The type species was given as "Lophophyllum Konincki, nob.," but this species was not described or illustrated until 1851, at which time the genus was further characterized (Edward and Haime, 1851, p. 349) as follows:

Polypier subconique, entouré d'une épithèque complète; columelle lamellaire et cristiforme occupant Ie centre du calice, et se continuant par une de ses extrémités avec une petite cloison située au milieu de la fossette septale, et par l'autre extrémité avec la cloison primaire opposée.
La présence d'une petite columelle cristiforme sépare bien ce genre de toutes les autres Zaphrentinae oè l'organe axillaire manque complétement.

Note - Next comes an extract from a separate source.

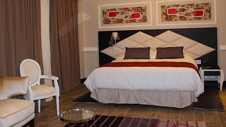 Die Zimmer umfassen Doppelzimmer und Deluxe-Zimmer mit jeweils ca. 30 m². Jedes Zimmer ist mit Klimaanlage, Heizung, Safe (gegen Gebühr), Kaffee-/Teezubereiter und einem Flachbild-TV ausgestattet. Die eigenen Badezimmer verfügen über eine Dusche, WC und Föhn. Einige Zimmer bieten einen Blick auf die Berge.

Nous connaissons trois espèces, deux appartiennent au terrain carbonifère et la troisième au devonien.

The type of this species, furnished by De Koninck, was from Lower Carboniferous strata at Tournai, Belgium.

Subsequent to the work of Edwards and Haime other students of the rugose corals obtained from this original description the concept that Lophophyllum was a genus established for a coral of zaphrentid type, having one of the protosepta prolonged and somewhat thickened. No further study of the true characters of the genotype species was published until 1911.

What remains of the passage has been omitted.